Allgemeine Infragestellung der Hp.:

Territorialgemeinde contra kategoriale Seelsorge!
Todschlagargument „kein Geld“.
„Erfolgsquote“ im Promillebereich.
Amtskirchenkonformität, ja oder nein.
Ist das zwingend christliche der Hp. nicht bezweifelbar?
Wem fehlt etwas, gäbe es keine Hp.?

Mögliche Gründe des Wandels [ohne den Anspruch der Vollständigkeit.]:

  • Neubestimmung der Intention von Hp.
  • Neubesinnung auf die Grundlagen (Evangelium) auf denen Hp fußt.
  • Interessenswandel bei der Zielgruppe allg.
  • Veränderung der Zielgruppe [Z.B. Für alle, Christen, Katholiken, Menschen guten Willens, Lehrende, Mittellose, Liturgiefähige, Eliten.]
  • Konzentrierung auf bestimmte Fachrichtungen [ Z. B. Theologische Fakultät, Lehramtskandidatinnen, Naturwissenschaftler]
  • Konzentrierung auf einen bestimmten Hochschultyp [Staatliche oder kirchliche Fachhochschulen, Fachschulen, Universitäten.]
  • Reduzierung/Abschaffung des hauptamtlichen Personals in der HP.
  • Veränderung der Lokalität von HP [Z.B. Angliederung an eine territoriale Gemeinde, Zuordnung an eine Akademie, Gestellung an eine Ordensgemeinschaft]
  • Delegation der Trägerschaft [Z.B. Autonomes Zentrum mit Sachmittelfinanzierung, Ordensgemeinschaft, Stiftung, e.V., private Trägerschaft, ein Sponsor.]
  • Bistümlicher Verzicht auf die HP aus finanziellen o. ä.

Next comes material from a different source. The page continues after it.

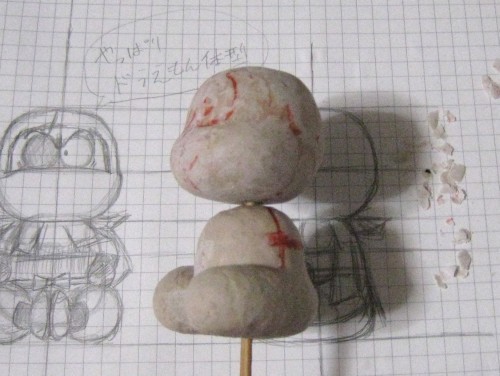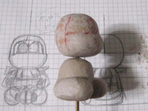 それから、アートナイフ(デザインナイフ)の刃を新品に替えて、サンドペーパーで磨く前段階までとにかく削って削って形を出す。
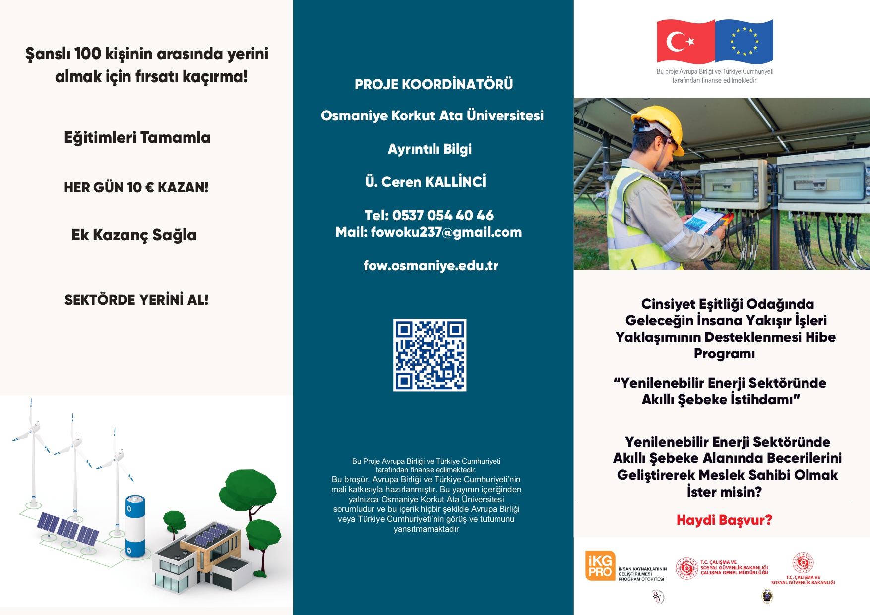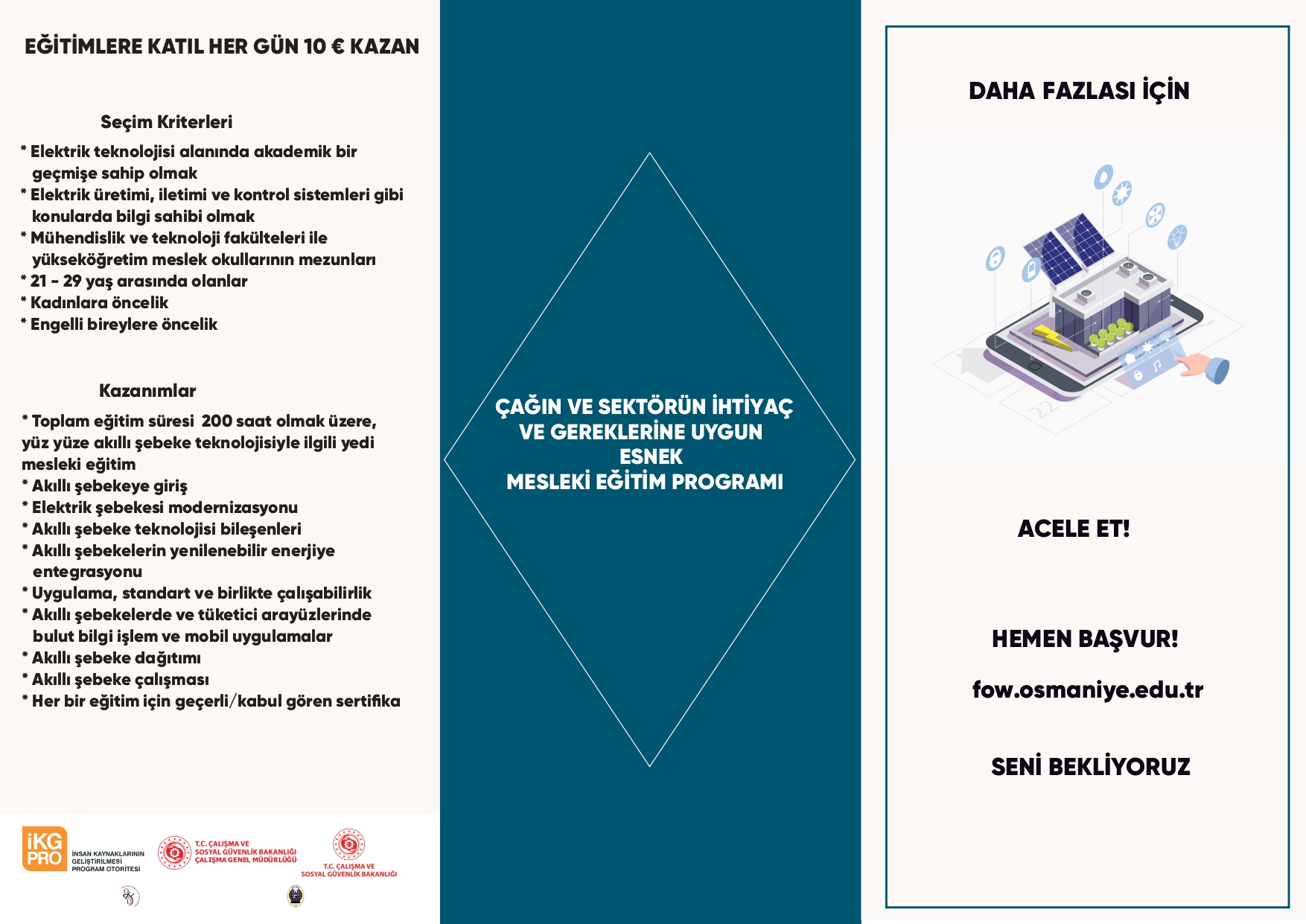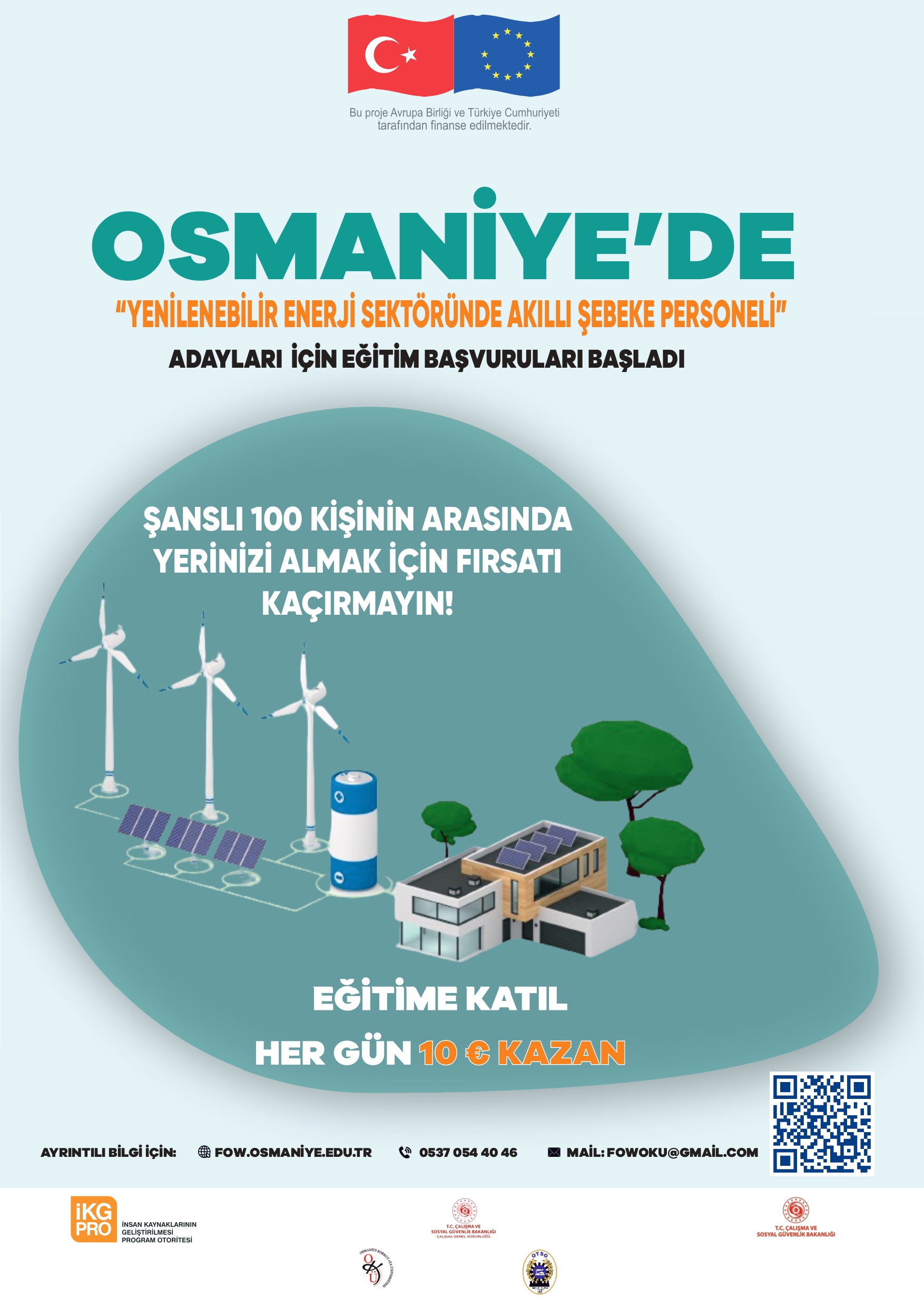 Osmaniye’de ”Yenilenebilir Enerji Sektöründe Akıllı Şebeke Personeli” adayları için eğitim başvuruları başladı.

Gründen
  • Paradigmenwechsel in einem Bistum die Intensität von Hp. betreffend [Z. B. Exemplarisch auf ein Thema, einen Ort und eine Personengruppe bezogen. Auf die Fläche bezogen entweder überall eine Personengruppe, oder ein Thema bedienen. Die Reduzierung auf ein Hochschulzentrum bei kleineren Bistümern wäre denkbar wie z.B. Essen geschehen.]
  • Veränderung der Hochschullandschaft [politisch, sozial, lokal]
  • Drastische Veränderung der gesellschaftlichen Kräfte bezogen auf die Akzeptanz von Kirche im öffentlichen Raum.
  • Soziale Veränderung in der Gesellschaft zwingen die Kirche bei geringen Eigenmitteln zu ausgrenzenden Akzentsetzungen.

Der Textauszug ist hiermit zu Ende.